Tim Airlangga Indonesia Denali Expesition (Aidex) Wanala Universitas Airlangga (Unair) berhasil menaklukkan Puncak Denali, puncak gunung dengan ketinggian 20.320 kaki atau setara dengan 6.194 meter di atas permukaan laut (MDPL).

Tabah di Bawah Tekanan Suhu -55°C dan Serangan Frostbite
Kota Surabaya, Bhirawa
Tim Airlangga Indonesia Denali Expesition (Aidex) Wanala Universitas Airlangga (Unair) telah berhasil menaklukkan puncak gunung dengan ketinggian 20.320 kaki atau setara dengan 6.194 meter di atas permukaan laut (MDPL). Sejarah mencatat setelah tiga ksatria Airlangga itu melakukan summit dalam kurun waktu sekitar 12 jam dari kamp 5 menuju puncak Mc Kinley, gunung tertinggi di belahan bumi utara. Suhu minus 55°C dan serangan frostbite menjadi cerita tak terlupakan sepanjang perjalanan ketiganya.
Persis pada 15 Juni jam 14.05 (23.05 waktu Alaska), Mochamad Roby Yahya mahasiswa Fakultas Perikanan dan Kelautan, Muhammad Faishal Tamimi Fakultas Vokasi dan Yasak alumni Fakultas Ilmu Sosial dan Ilmu Politik menjejakkan kakinya di puncak the high one (sebutan puncak Gunung Denali).
“Tidak sedikit permasalahan yang dilalui, para tim telah mengorbankan kuliah, keluarga, waktu dan tenaga untuk menggapai puncak Denali ini,” tutur Manajer Tim Aidex Wanala Unair Wahyu Nur Wahid, Minggu (18/6).
Di balik keberhasilan tersebut ada perjuangan luar biasa demi mengibarkan bendera almamater dan sang merah putih.

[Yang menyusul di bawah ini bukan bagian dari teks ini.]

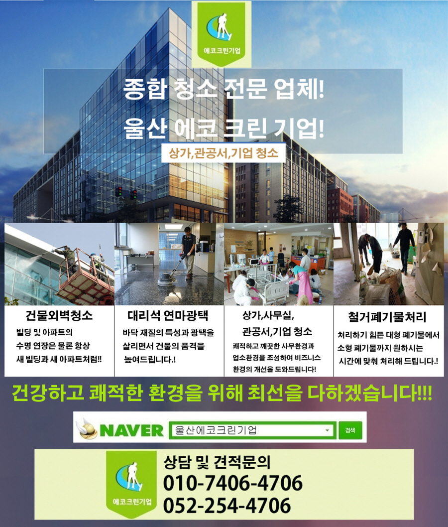 저희 울산에코크린기업은 청소와 광택/줄눈등 토탈전문업체입니다. 남,녀 혼합팀 3∼5분이 함께 하루 한집만을 고집하며 청소를 하고 있습니다. 입주청소/이사청소/줄눈/씽크상판연마광택/마루코팅/새집증후군제거/보일러배관청소/공장청소/학원/사무실/학교/상가/ 리모델링후청소/건물유지관리/세탁기청소/에어컨청소/원룸관리/철거/생활폐기물처리/정기청소/준공청소 등 청소와 광택등 관리가 가능하답니다. 청소와 광택에 관한한 모든 장비를 대여가 아닌 직접 보유하고 있어 적재적소에 맞는 장비와 친환경 약품을 사용하며 고객과의 시간약속을 엄수하여 만족도를 한껏 높여드립니다. 또한 토요일/일요일/공휴일 관계없이 평일과 동일한 견적가로 모든 시공을 받으실 수 있습니다. 정직과 신뢰를 바탕으로 더욱 더 열심히 하는 울산에코크린기업이 되겠습니다. 감사합니다. 연락처;052-254-4706 H.P ; 010-7406-4706 www.ulsaneco.co.kr http://blog.ulsaneco.co.kr

Cuaca dan medan yang ekstrem, suhu minus 55°celcius, ketebalan es setinggi lutut, hingga terjadinya radang pada anggota tubuh akibat kedinginan yang luar biasa (frosbit) menjadi ‘santapan’ mereka sehari-hari. Semua dijalani dengan bekal kekuatan tekat tabah sampai akhir.
Sebelum mencapai puncak, tim selama tujuh hari berada di kamp 4 yang berada pada ketinggian 14.200 kaki atau 4.328 mdpl. Aktivitas tim terhenti dihadapkan pada kondisi whiteout. “Sebuah situasi di mana cuaca yang tertutup salju mengubah berkas cahaya yang menyebabkan hanya objek gelap yang terlihat dan snow showers (hujan salju),” kata Wahyu.
Hal ini mengakibatkan tenda yang mereka gunakan tertutup salju, bahkan tidak terlihat sedikit pun. Selang beberapa hari, tepatnya pada 13 Juni 2017, cuaca membaik dan matahari mulai terlihat. Akhirnya mereka memutuskan untuk berangkat menuju kamp 5 atau yang dikenal dengan high camp pada ketinggian 17.200 kaki 5.243 mdpl. Perjalanan cukup melelahkan dengan tanjakan 45 hingga 60 derajat. “Tanjakan curam ditambah sisa-sisa hujan salju yang membuat ketebalan saljunya hingga selutut,” terang dia.
Empat jam perjalanan menuju kamp 5, salah satu atlet kemudian diketahui melambat, nafas mulai terengah karena dingin. Tim akhirnya mencapai kamp 5 setelah menempuh perjalanan selama 9,5 jam.
Wahyu menuturkan, saat itu kondisi tim sudah teramat lelah. Maka, tim harus beristirahat menyiapkan tenaga  untuk summit attack. Tepat pada 15 Juni pukul 03.00 pagi, tim melakukan perjalanan dengan membawa perlengkapan seringan mungkin.  “Di antaranya kapak es, tracking pole, ransel dan makanan serta minuman secukupnya,” kata dia.